Burnet Cave - Archaeological Finds

Archaeological Finds

Excavation began in Burnet Cave, NM under returning student E. B. Howard who was working under Alden Mason's Southwestern Expeditions sponsored by the University of Pennsylvania Museum of Anthropology and Archaeology. The first southwestern trip was in 1929 and Bill Burnet showed them this cave on one of the first trips west. The early field seasons at Burnet Cave were 1930, 1931, and 1932, and they went back again in 1936 and 1937 (Howard 1936:22, 1943b). Additional survey work in the Guadalupe Mountains was done in 1934 as well but no new early sites were found (Howard 1935).

The first Clovis point found in the modern era was excavated in situ at Burnet Cave, NM five feet, seven inches below ground surface on the edge of a hearth with burnt bison and musk-ox bones in August 1931(UPenn Museum catalog # 31-47-36) (Boldurian and Cotter 1999:73). This find predates the Dent Site, Clovis, and all others pretending to be the first in situ Clovis find in the Americas. Until about 1950 Burnet Cave was considered to be among the handful of truly reliable intact Clovis sites but about that time it seems to have fallen out of favor because it was a cave, with an unusual Clovis faunule, that lacked the dramatic visions of the Mammoth-killing big game hunters myth then coming into vogue.

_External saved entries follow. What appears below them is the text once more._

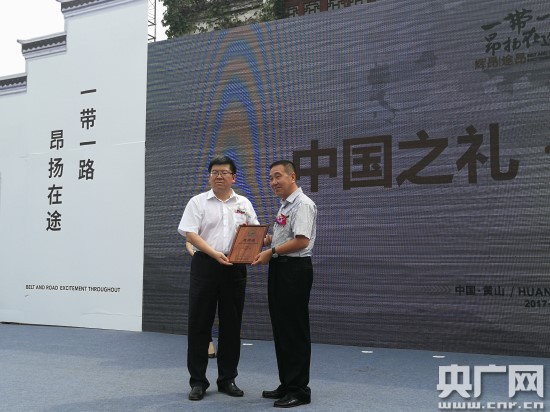 在啟動儀式上,中國文化管理協(xié)會執(zhí)行副主席路建平給車隊成員贈送汪永亨絲綢卷軸,并給車隊授旗;黃山市委書記任澤鋒向中國文化管理協(xié)會副主席李新樂贈送“中國之禮·黃山邀請”;已創(chuàng)作65個“一帶一路”沿途國家重彩山水畫的安徽籍著名畫家李恒,向黃山市委常委、宣傳部長路海燕贈畫《黃山雄風(fēng)》,“從黃山到遠(yuǎn)山”畫展也正式啟動;黃山市委常委、秘書長、統(tǒng)戰(zhàn)部長周天偉與國融證券董事長侯守法揭幕車身“夢幻黃山 禮儀徽州”;譚玉平與奉佑生共同啟動“映象絲路”直播;上,敻曷√卮善骺偨(jīng)理趙春陽給車隊成員贈送“絲路寶船”國瓷。被納入中國之禮的還有來自云南保山的“萬里紅”茶葉和高科技功能面料制成的威森戴樂服飾。
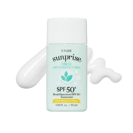 Sản phẩm ETUDE Sunprise Sunscreen Mild Sun Milk SPF 50+ / PA++++ (55ml) | Sebum-free, Non-Sticky, Long Lasting Protection, 100% Mineral Korean Sunscreen for sensitive skin đang được bán với giá ưu đãi là $19.62 tại nước Mỹ.
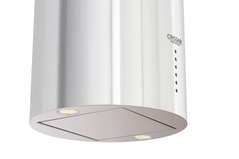 A coifa Isola Cilindro G4 é produzida em aço inox, possui comando eletrônico iluminado e uma vazão de 1.050m³/h.
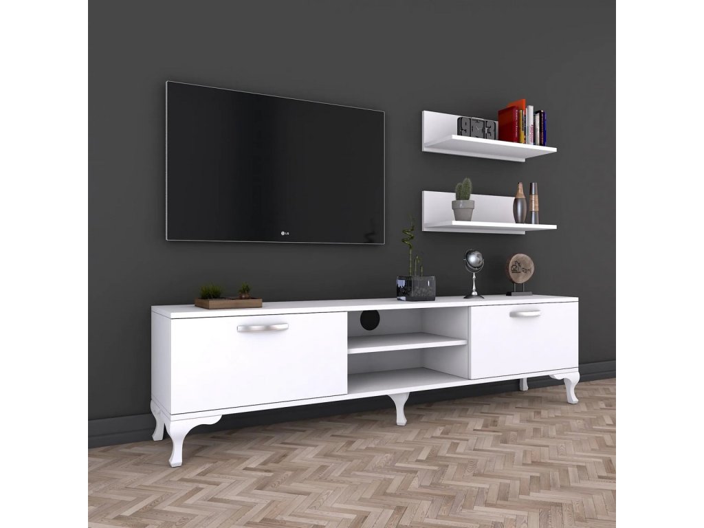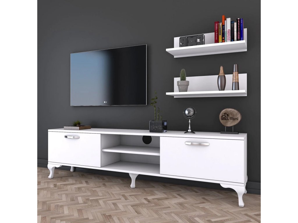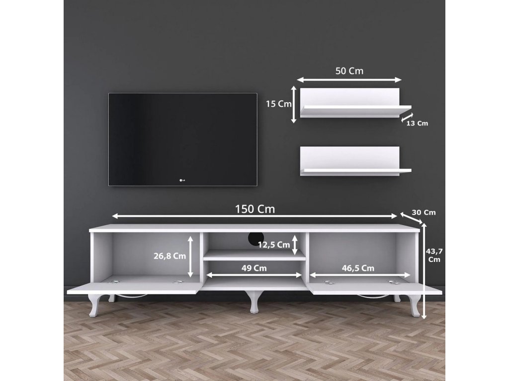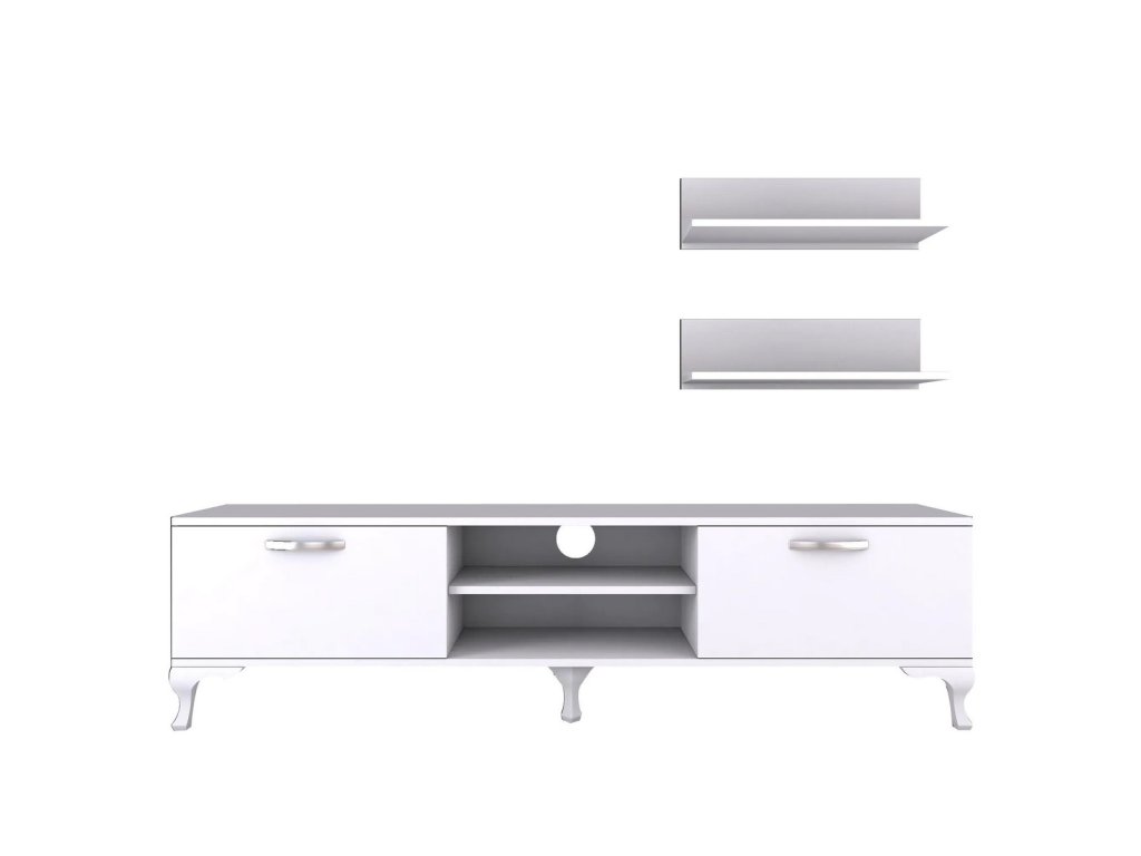Stylová obývací stěna navržená v čistém skandinávském stylu, která perfektně zapadne do Vašeho obývacího pokoje. Její minimalistický design v bílé barvě přináší moderní a vzdušný vzhled. Materiál: Melamin, VT laminát a další kvalitní materiály. Barva: bílá. Sestava obsahuje - TV stolek (150 x 30 x 43,7 cm), 2 závěsné police (50 x 13 x 15 cm). Tloušťka materiálu: 18 mm. Díky tomu je tato obývací stěna odolná a dlouhodobě udržitelná. Dodáváme v demontovaném stavu.Doplňkové parametry

Burnet Cave was the first multi-component Paleoindian site excavated. The Clovis layer was four feet below the lowest layer containing Basketmaker material. The fine dirt was run through a ¼” screen at the front of the cave, something quite unusual for archaeological fieldwork at this time (Boldurian and Cotter 1999:7). The poet Loren Eiseley was a member of Howard's crew and wrote scathingly about his experiences in the Guadalupe Mountains.